Gustavo Hernández Díaz / Foto Archivo

Gustavo Hernández Díaz / Foto Archivo

“El proyecto académico de Jesús María Aguirre es versátil y comprometido con la sociedad. Desde hace cuarenta años, este investigador ha brindado orientación pedagógica, moral y espiritual en aulas de clase y comunidades”

  • Tweet:

  • Facebook Like:

  • Addthis Share:

Si hemos de referirnos al pensamiento sobre comunicación social que se ha desarrollado en Venezuela desde la década los cincuenta hasta principios del siglo XXI; es indudable que la obra de Jesús María Aguirre, s.j., profesor de la UCAB y fundador de la Revista Comunicación del Centro Gumilla; es la más indicada por su rigurosidad documental y juicio ponderado.

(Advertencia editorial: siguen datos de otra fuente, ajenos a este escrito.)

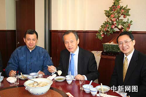 崔天凱大使接著來到中華街上的老字號東榮酒家,和神戶華僑總會會長鮑悅初、株式會社東榮商行代表王銳輝等當(dāng)?shù)厝A僑代表一邊吃餃子一邊交談,了解餃子事件的各種負(fù)面影響。
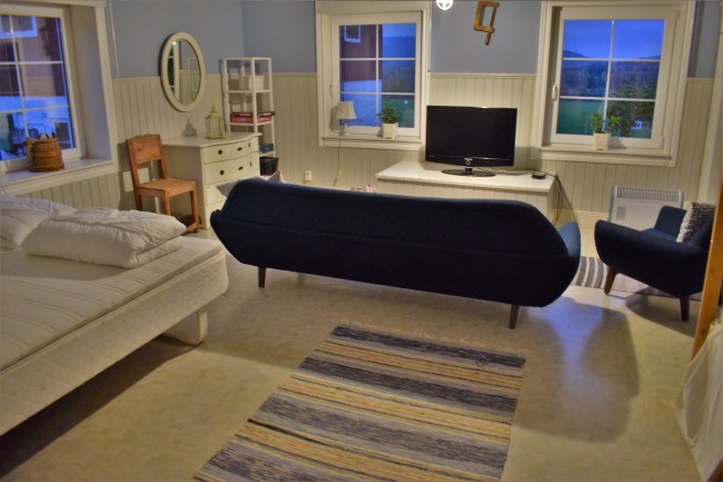Här var det just en appletv (???) så jag tittade på rapport på datorn och var nöjd med det. Jag tyckte om den här stugan men jag kan inte förstå varför det är så vanligt med låga ryggstöd. Jag kan helt enkelt inte sitta i en soffa eller fåtölj som ser ut så här. Om den står mot en vägg kan jag lägga en kudde ovanför ryggstödet mot väggen och få stöd för bröstrygg och nacke. Men jag får ont bara av att tänka på att sitta i en soffa som den här. Det var inga problem. Jag bäddade den sköna sängen och bullade upp med några kuddar bakom rygg och nacke. Där satt jag bra.
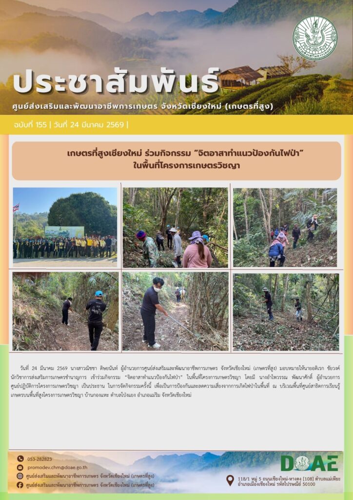 ข่าวประชาสัมพันธ์เกษตรที่สูงเชียงใหม่ ร่วมกิจกรรม “จิตอาสาทำแนวป้องกันไฟป่า”ในพื้นที่โครงการเกษตรวิชญา haec03 / 25 มีนาคม 2026
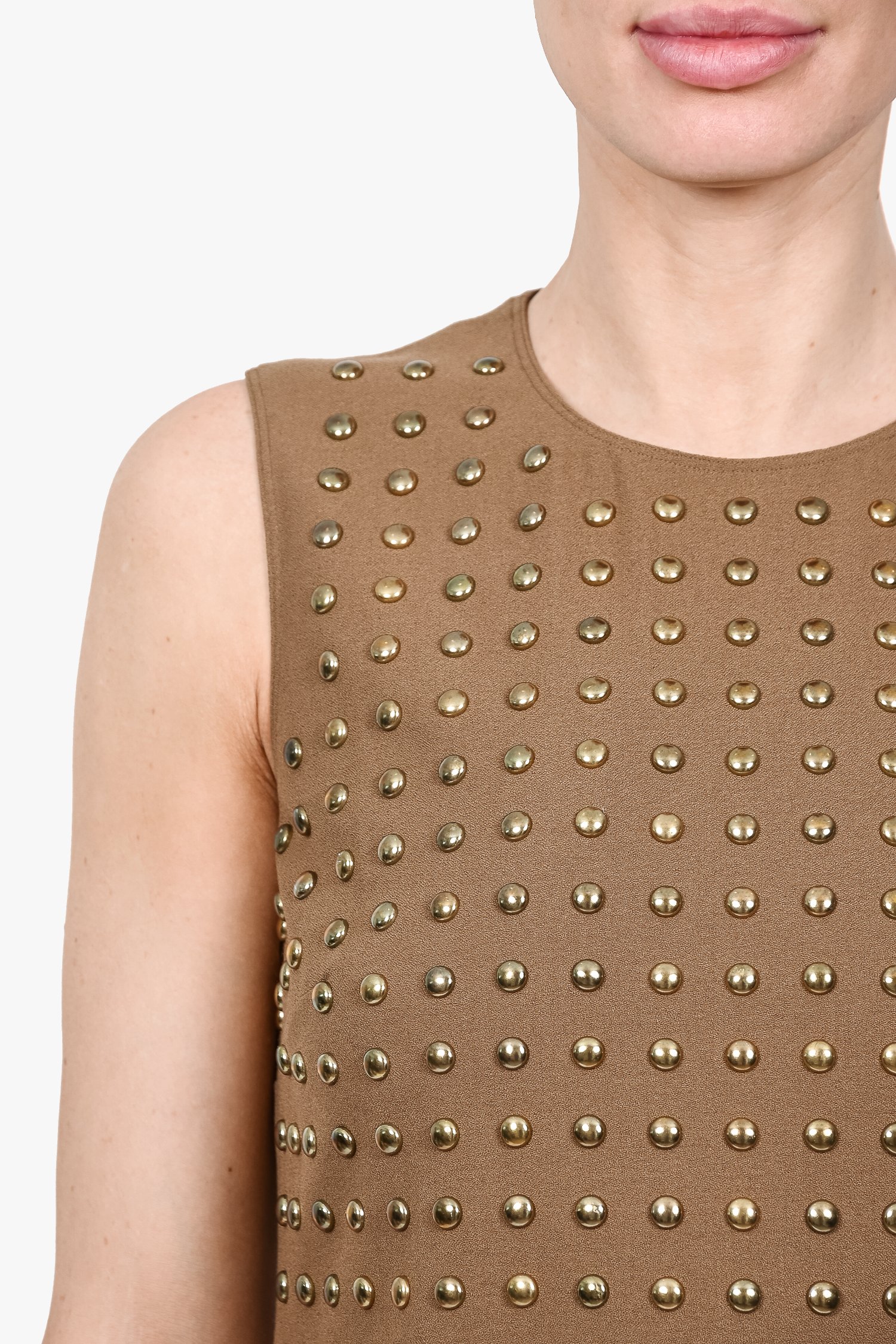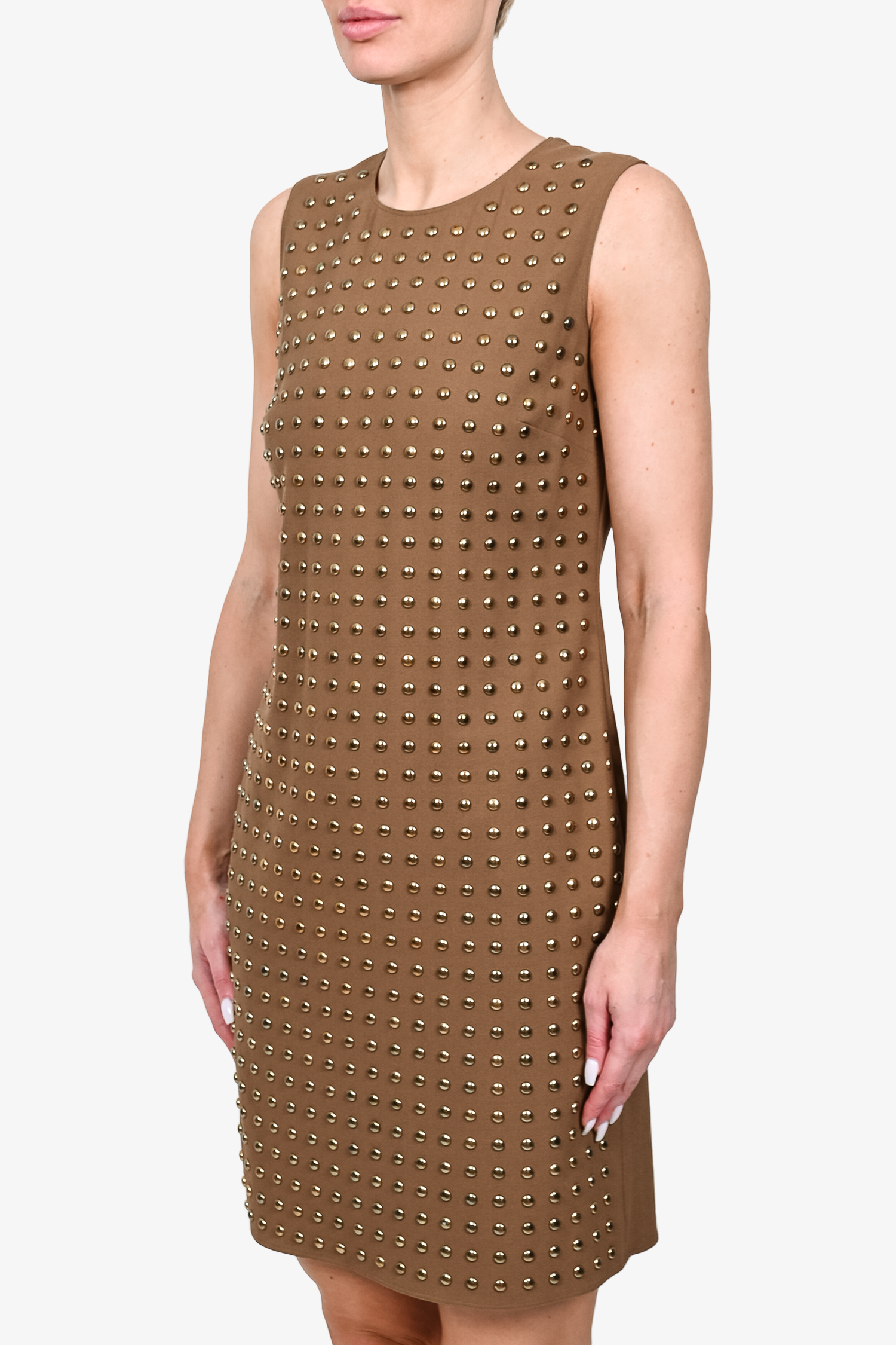 Burberry London Brown Sleeveless Gold Beaded Dress Size 6
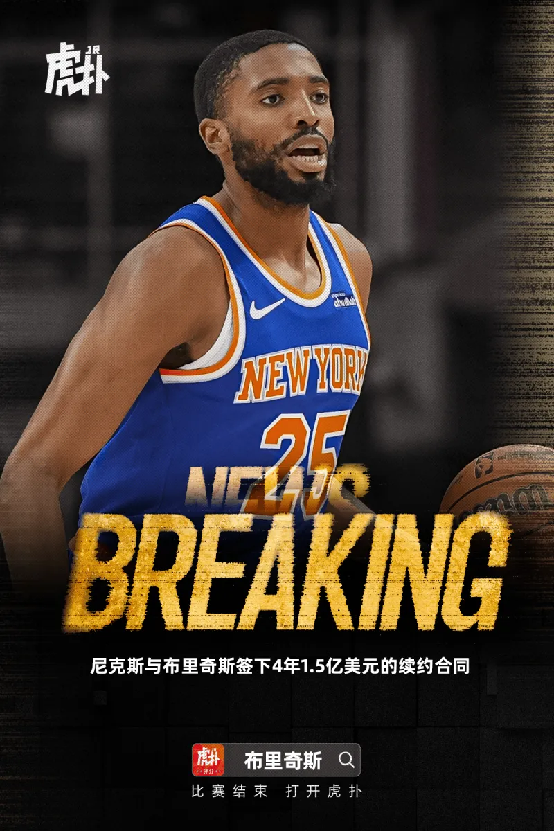 虎撲08月01日訊 根據美國記者Shams的消息,紐約尼克斯前鋒米卡爾-布里奇斯已同意與球隊簽訂一份為期四年、尼克價值1.5億美元的斯布斯簽合同續(xù)約。

El proyecto académico de Jesús María Aguirre es versátil y comprometido con la sociedad. Desde hace cuarenta años, este investigador ha brindado orientación pedagógica, moral y espiritual en aulas de clase y comunidades. Ha transitado, además, un elenco de temas: comunicación alternativa, epistemología, semiótica, análisis cinematográfico, sociología de las profesiones.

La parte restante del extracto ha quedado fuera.